Dupont Vincent, Mourvillier Bruno, Barbe Coralie, Legros Vincent, Jozwiak Mathieu, Merdji Hamid, Dupuis Claire, Winiszewski Hadrien, Marchalot Antoine, Lacave Guillaume, Neuville Mathilde, Sagnier Anne, Barbier François, Thivilier Carine, Ruiz Stéphanie, Smonig Roland, Rosman Jeremy, Argaud Laurent, Grangé Steven, Sarton Benjamine, Chillet Patrick, Voiriot Guillaume, Kanagaratnam Lukshe, Djerada Zoubir
Centre Hospitalier Universitaire de Reims, 45 rue Cognacq Jay, Reims, 51092, +33326787641, France.
Université de Reims Champagne Ardenne, Reims, France.
Ann Intensive Care. 2025 Mar 26;15(1):42. doi: 10.1186/s13613-025-01461-z.
Acute kidney injury (AKI) requiring renal replacement therapy (RRT) is common in intensive care units (ICUs), yet optimal amikacin dosing in this context remains poorly understood.
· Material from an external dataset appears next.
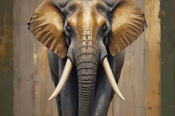 Poster Un grande dipinto di elefante africano strutturato con zanne e orecchie color avorio svasate, su uno sfondo di legno f40544

We conducted a prospective observational study across 18 French hospitals from April 2020 to January 2022. Adult ICU patients (aged > 18 years) receiving their first amikacin dose while on RRT were included. Data on demographics, RRT modalities, amikacin dosing, and therapeutic drug monitoring were collected. Using a pharmacokinetic modeling approach, we evaluated various amikacin regimens and simulated target attainment probabilities across different minimum inhibitory concentrations (MICs).
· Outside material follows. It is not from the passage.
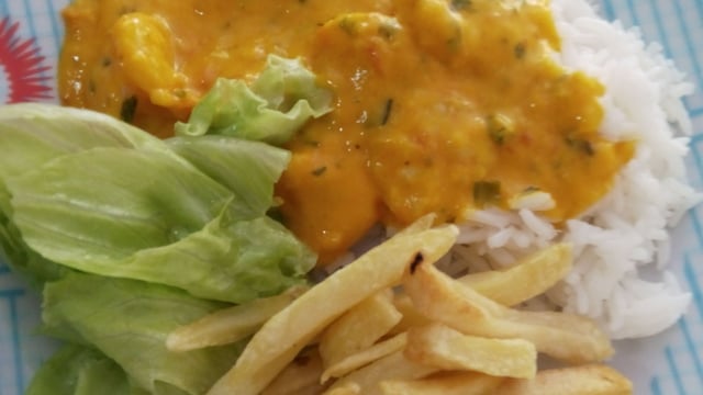 Sirva quente com arroz branco.

A total of 111 patients were included, with approximately two-thirds receiving continuous RRT. The median amikacin dose was 27 (25-30) mg/kg. Amikacin peak (Cmax) and trough concentrations were monitored in 53 (47.8%) and 76 (68.5%) patients, respectively. Continuous RRT and a history of chronic kidney disease reduced dialytic clearance. For a MIC ≤ 4 mg/L, a 15 mg/kg amikacin dose achieved Cmax/MIC and AUC/MIC targets in ≥ 90% of patients on intermittent dialysis, while 20 mg/kg was required for those on continuous dialysis. For a MIC = 8 mg/L, a 30 mg/kg dose was necessary to achieve Cmax/MIC ≥ 8.
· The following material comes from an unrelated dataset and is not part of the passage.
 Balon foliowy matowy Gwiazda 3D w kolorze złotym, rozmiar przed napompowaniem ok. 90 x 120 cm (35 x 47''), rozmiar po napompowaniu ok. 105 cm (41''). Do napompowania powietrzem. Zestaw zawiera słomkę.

Our findings highlight suboptimal adherence to amikacin monitoring guidelines in ICU patients on RRT. Using pharmacokinetic modeling, we identified amikacin dosing recommendations ranging from 15 to 35 mg/kg to optimize efficacy and minimize risks, depending on MIC and dialysis modality.
需要肾脏替代治疗(RRT)的急性肾损伤(AKI)在重症监护病房(ICU)中很常见,但在这种情况下阿米卡星的最佳给药剂量仍知之甚少。
我们于2020年4月至2022年1月在法国18家医院进行了一项前瞻性观察研究。纳入在接受RRT期间首次使用阿米卡星剂量的成年ICU患者(年龄>18岁)。收集了人口统计学、RRT模式、阿米卡星给药剂量和治疗药物监测的数据。使用药代动力学建模方法,我们评估了各种阿米卡星给药方案,并模拟了不同最低抑菌浓度(MIC)下的目标达成概率。
共纳入111例患者,约三分之二接受持续RRT。阿米卡星的中位剂量为27(25 - 30)mg/kg。分别对53例(47.8%)和76例(68.5%)患者监测了阿米卡星的峰值(Cmax)和谷浓度。持续RRT和慢性肾脏病病史降低了透析清除率。对于MIC≤4 mg/L,15 mg/kg的阿米卡星剂量在≥90%的间歇性透析患者中达到了Cmax/MIC和AUC/MIC目标,而持续透析患者则需要20 mg/kg。对于MIC = 8 mg/L,需要30 mg/kg的剂量才能使Cmax/MIC≥8。
我们的研究结果突出了接受RRT的ICU患者对阿米卡星监测指南的依从性欠佳。通过药代动力学建模,我们确定了根据MIC和透析模式,阿米卡星的给药建议范围为15至35 mg/kg,以优化疗效并将风险降至最低。